I like to carry my own slackware on a flash-drive - I have done it with 32-gig drives with no problems whatsoever.
With time though, one becomes a tad more greedy and I now have a 64-gig drive - and it has caused nothing but problems (in-fact, I have _two_ and both are equally bad).

First I partition the drive, install grub and swap and then proceed to untar a tarball of one of my 32-gig slackwares. Usually, after a while, it ends in complete disaster with a corrupted filesystem, and I have tried them all (ext3, ext4, jfs, reiserfs, xfs)

My partitioning looks like this:
Code:
1: 64M ('grub'-partition)
2: 2 GB (swap)
3: 20 GB (root filesystem)
4: 42 GB (to be mounted as /work, xfs)
Allready here troubles begin, partition #4 can easily enough be created and formatted as xfs. However, if I remove the drive and insert it again - it can no longer be mounted (corrupted filesystem!)

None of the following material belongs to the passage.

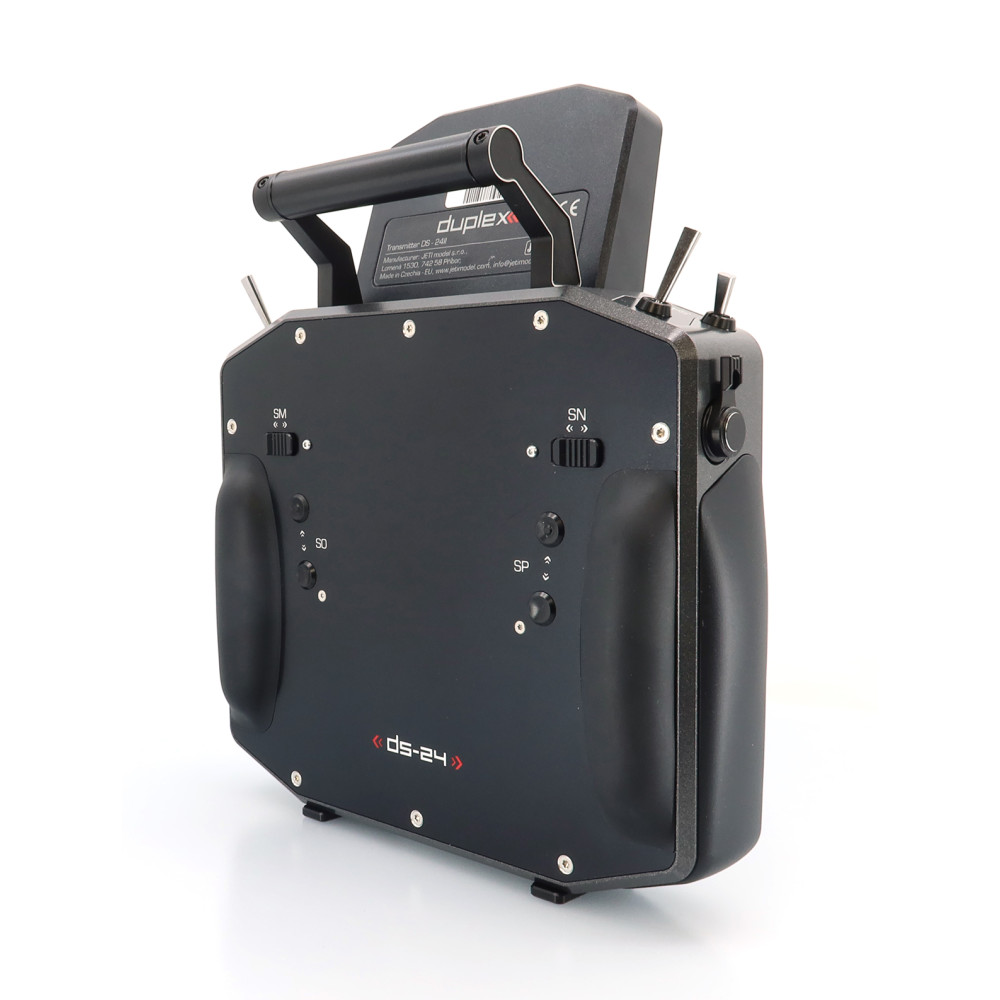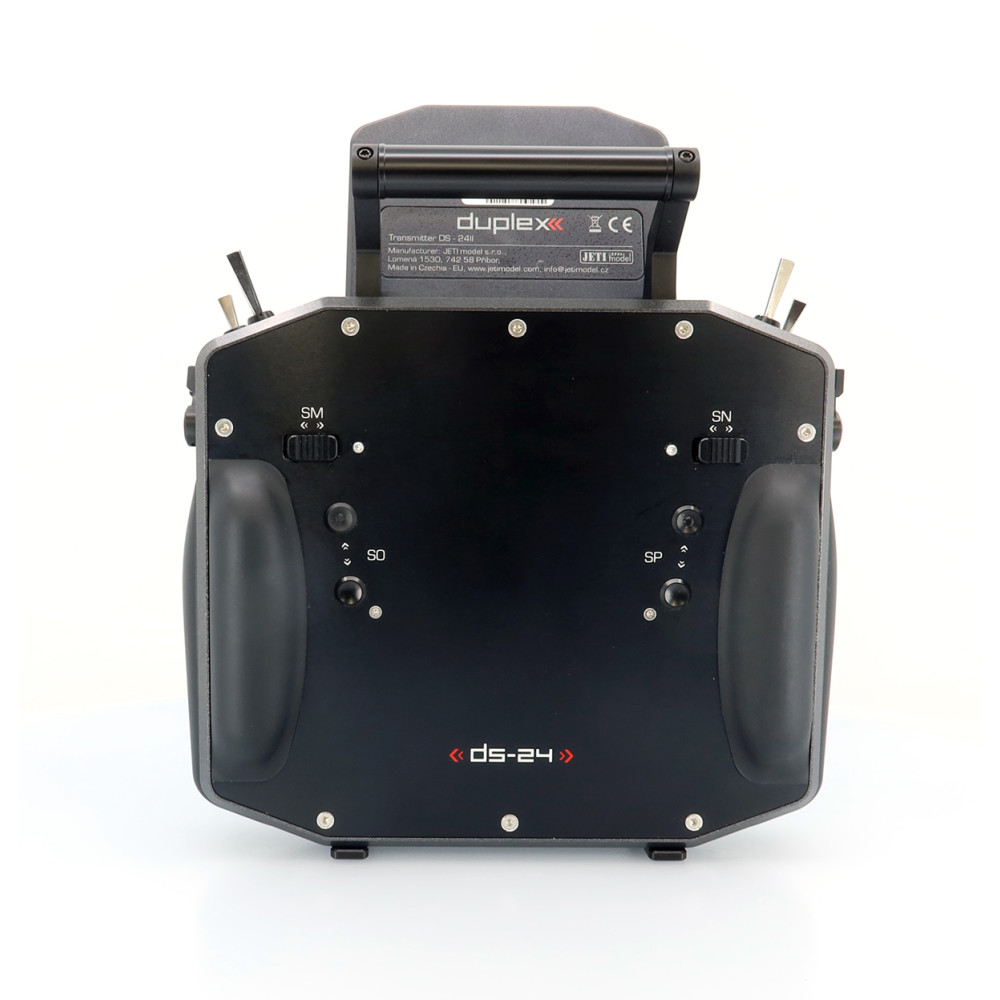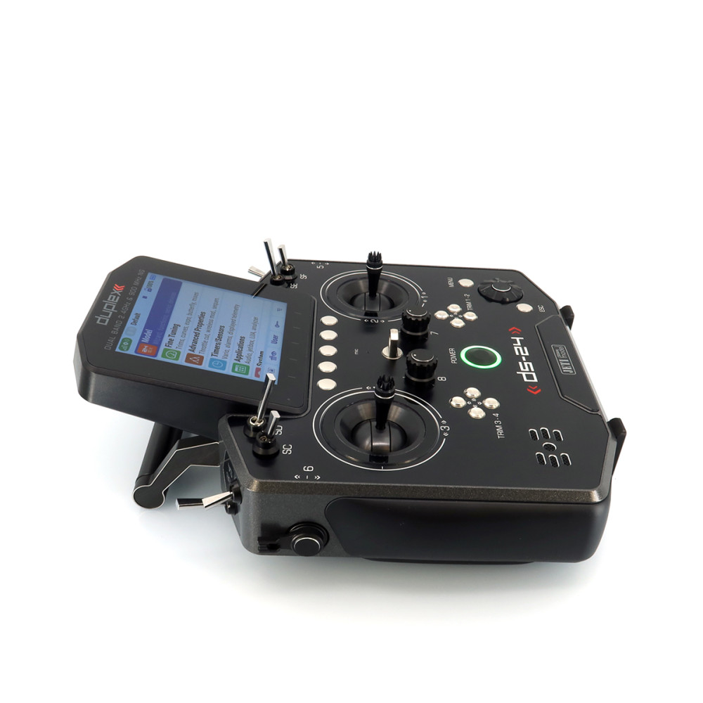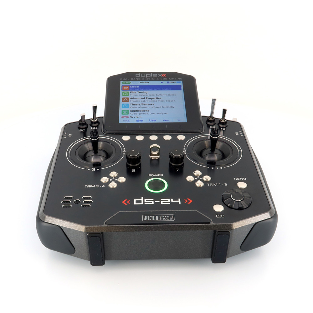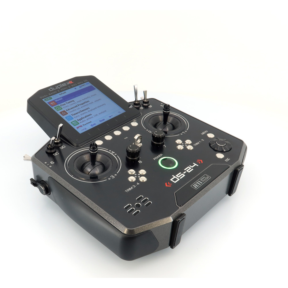Palcový (DS) vysielač JETI DUPLEX DS-24II druhej generácie prináša nadčasový dizajn s prepracovaným a ľahším rámom, nové grafické rozhranie JUi2, väčší a jasnejší 4" displej a výkonnejší hardvér pre plynulú prácu. Podporuje Bluetooth (vrátane bezdrôtových slúchadiel a online telemetrie cez smartfón), má Wi-Fi modul pre online aktualizácie, a USB-C na nabíjanie aj pripojenie k PC/Mac. Systém DUPLEX 2.4 GHz je plne kompatibilný s Duplex ekosystémom a súčasťou je aj záložný systém 900 MHz NG.

Occasionally, the untar operation will work and I heave a sigh of relief. However, after chroot'ing to create an initrd -> corruption. If I use one of my initrd's from a 32-gig drive, I can try to boot the sucker, but it never successfully boots and always end up with a corrupted filesystem.

I have done the same with external usb-drives (up to 2 TB) with no problems at all.
Is there some strange firmware that may be the cause? (OK, they both come from two different Hong-Kong suppliers, 16 bucks!) They arrived with a single partition with exfat.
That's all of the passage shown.